CThreadFactory::~CThreadFactory()

    TRACE(LOG_DEBUG, string("Start of releasing of object \"") + GetName() + string("\""));
    Clear();
    TRACE(LOG_DEBUG, string("End of releasing of object \"") + GetName() + string("\""));


void CThreadFactory::Init(BYTE max_threads)

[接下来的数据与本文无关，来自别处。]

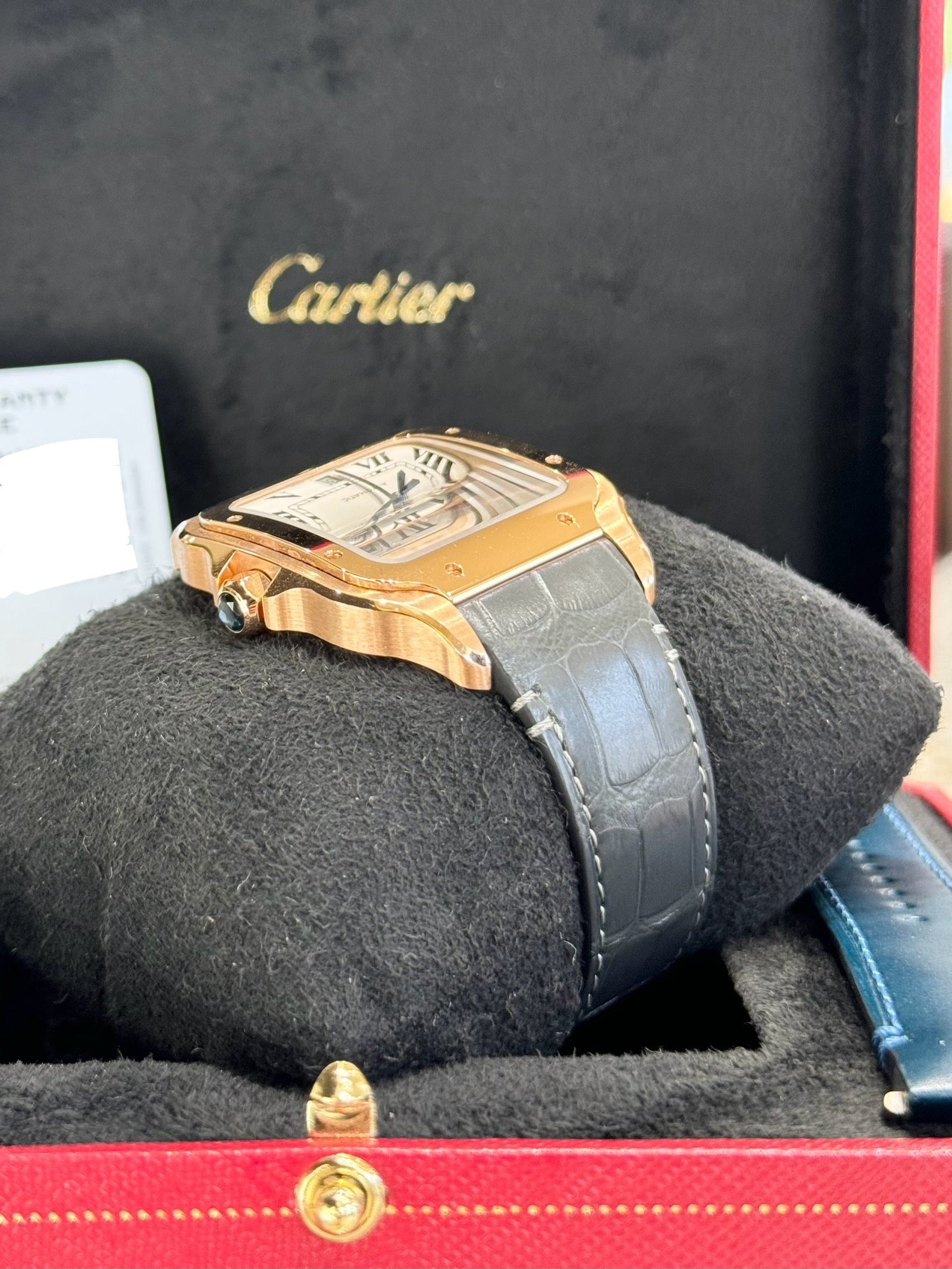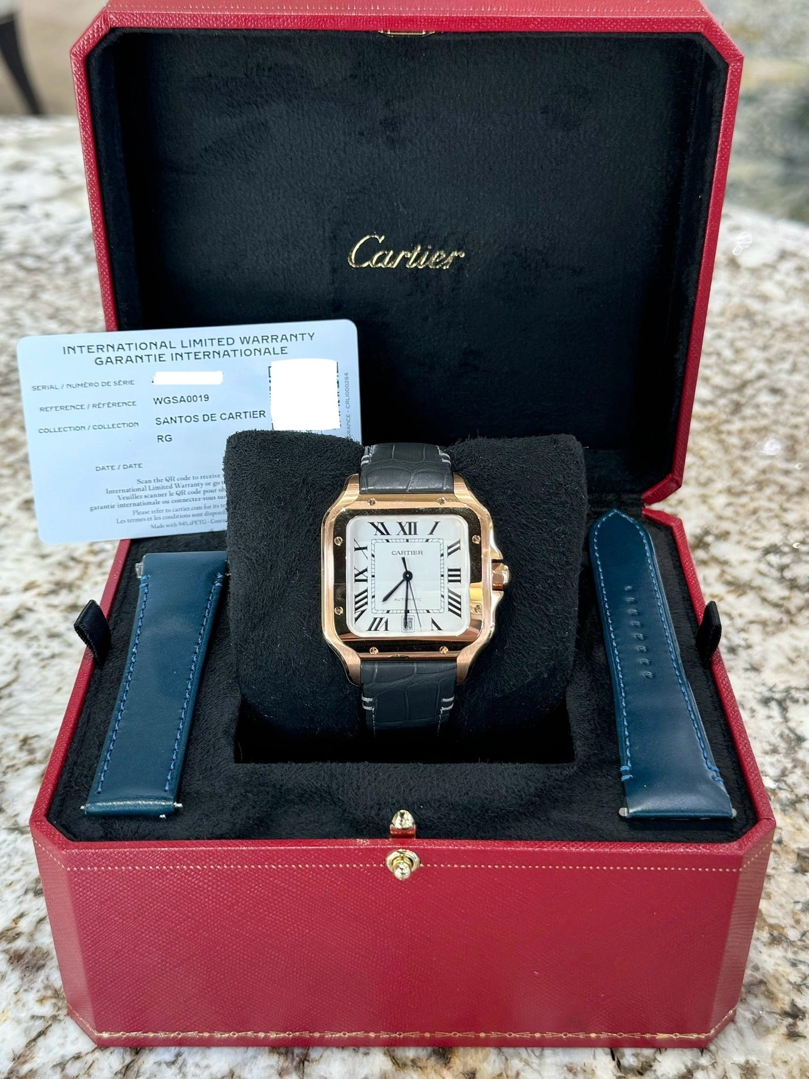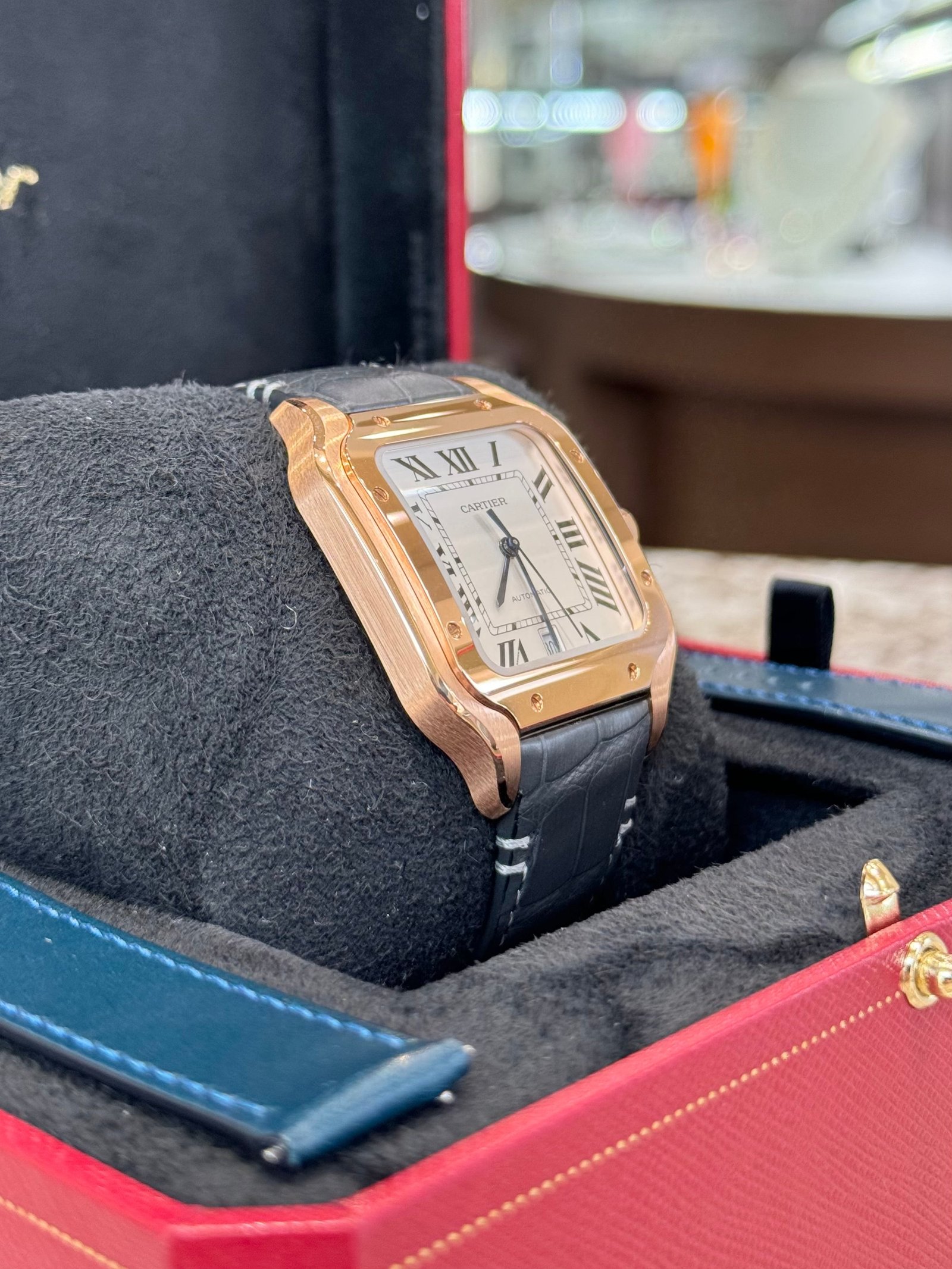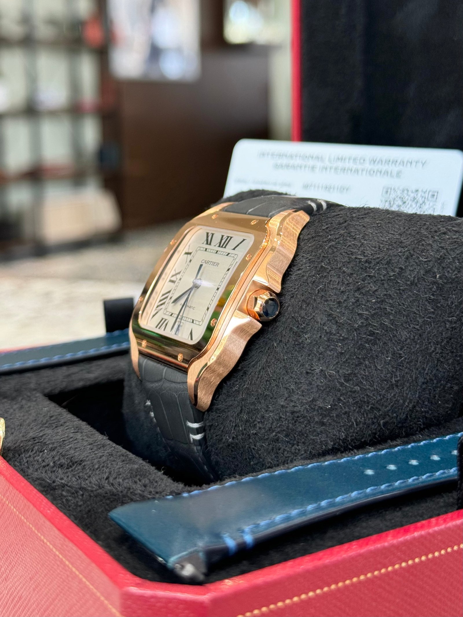 Case: Rose gold case 39.8 mm width. 7-sided crown set with a faceted sapphire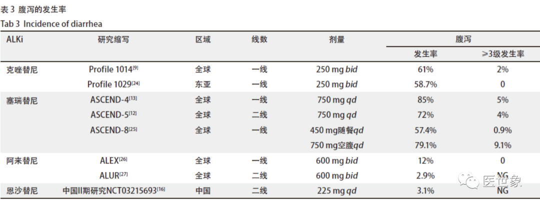 腹泻是ALKi的常见不良反应,总体发生率较高,在9%-85%,其中以1级-2级不良反应为主。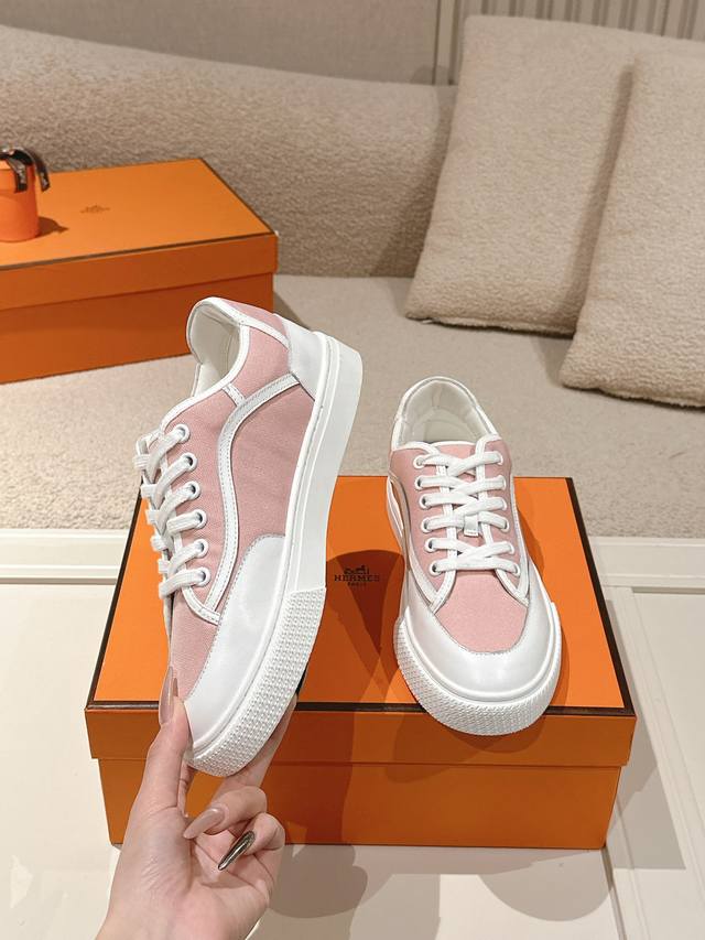 代购级 25Ss H家新品 Hermes 爱马仕 运动鞋 采用进口牛皮 进口麂皮镂空 运动时尚鞋面整圈头层小牛皮无断接大气奢华 定制Hermes...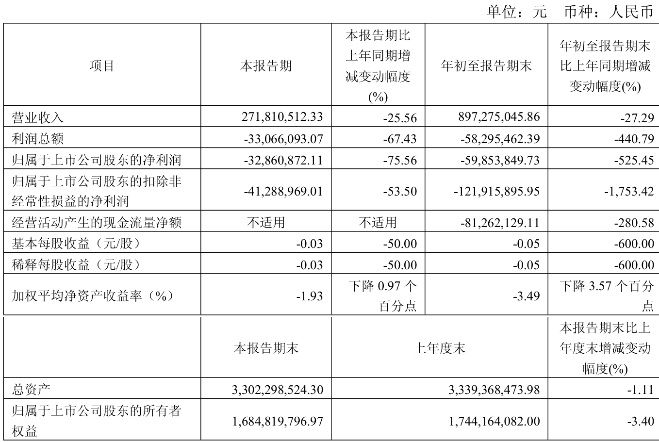 中证智能财讯三峡新材(600293)10月24日披露2025年第三季度报告。前三季度公司实现营业总收入8.97亿元,同比下降27.29%;归母净利润亏损5985.38万元,上年同期盈利1406.85万元;扣非净利润亏损1.22亿元,上年同期亏损657.79万元;经营活动产生的现金流量净额为-8126.21万元,上年同期为-2135.2万元;报告期内,三峡新材基本每股收益为-0.05元,加权平均净资产收益率为-3.49%。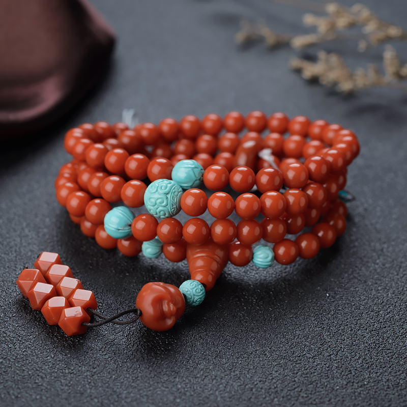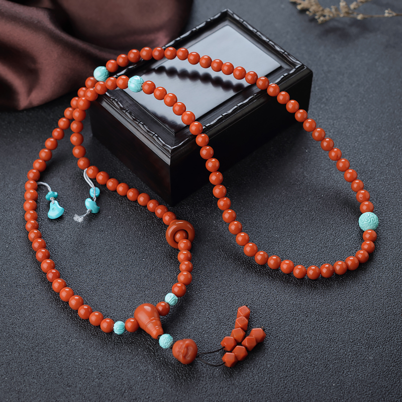 [尺  寸] 珠径6mm,全长69cm,南红珠数108颗

    muiNumberofThreads = max_threads;


void CThreadFactory::Clear(void)




void CThreadFactory::Join(vector<std::thread>& threads)

    for (auto& it : threads)
    
        if (it.joinable())
            it.join();
    


void CThreadFactory::ReleaseThreads(vector<std::thread>& threads)

    /*for (auto& it : threads)
    

    */

    threads.clear();


void CThreadFactory::UpdateWavesInternalPoints(CWaves& waves)

    if (muiNumberofThreads <= 1)
    
        waves.UpdateWaveInteriorPoints(1, waves.RowCount() - 1);
    
    else
    
        vector<std::thread> threads(muiNumberofThreads - 1);
        UINT dwWavePartDifference = waves.RowCount() / muiNumberofThreads;

        DWORD dwMinRow = 1, dwMaxRow = 1 + dwWavePartDifference;
        for (UINT i = 0; i < muiNumberofThreads - 1; i++)
        
            threads[i] = move(std::thread &CWaves::UpdateWaveInteriorPoints, &waves, dwMinRow, dwMaxRow );

            dwMinRow += dwWavePartDifference;
            dwMaxRow += dwWavePartDifference;
        

        waves.UpdateWaveInteriorPoints(dwMinRow, dwMaxRow);

        Join(threads);
        ReleaseThreads(threads);
    


void CThreadFactory::UpdateWavesNormals(CWaves& waves)

    if (muiNumberofThreads <= 1)
    
        waves.UpdateWaveNormals(1, waves.RowCount() - 1);
    
    else
    
        vector<std::thread> threads(muiNumberofThreads - 1);
        UINT dwWavePartDifference = waves.RowCount() / muiNumberofThreads;

        DWORD dwMinRow = 1, dwMaxRow = 1 + dwWavePartDifference;
        for (UINT i = 0; i < muiNumberofThreads - 1; i++)
        
            threads[i] = move(std::thread &CWaves::UpdateWaveNormals, &waves, dwMinRow, dwMaxRow );

            dwMinRow += dwWavePartDifference;
            dwMaxRow += dwWavePartDifference;
        

        waves.UpdateWaveNormals(dwMinRow, dwMaxRow);

        Join(threads);
        ReleaseThreads(threads);
    


void CThreadFactory::TransformVertices(const CObject& object, const vector<TVertex>& input, vector<XMFLOAT3>& output, const CXNAMatrix& matrix)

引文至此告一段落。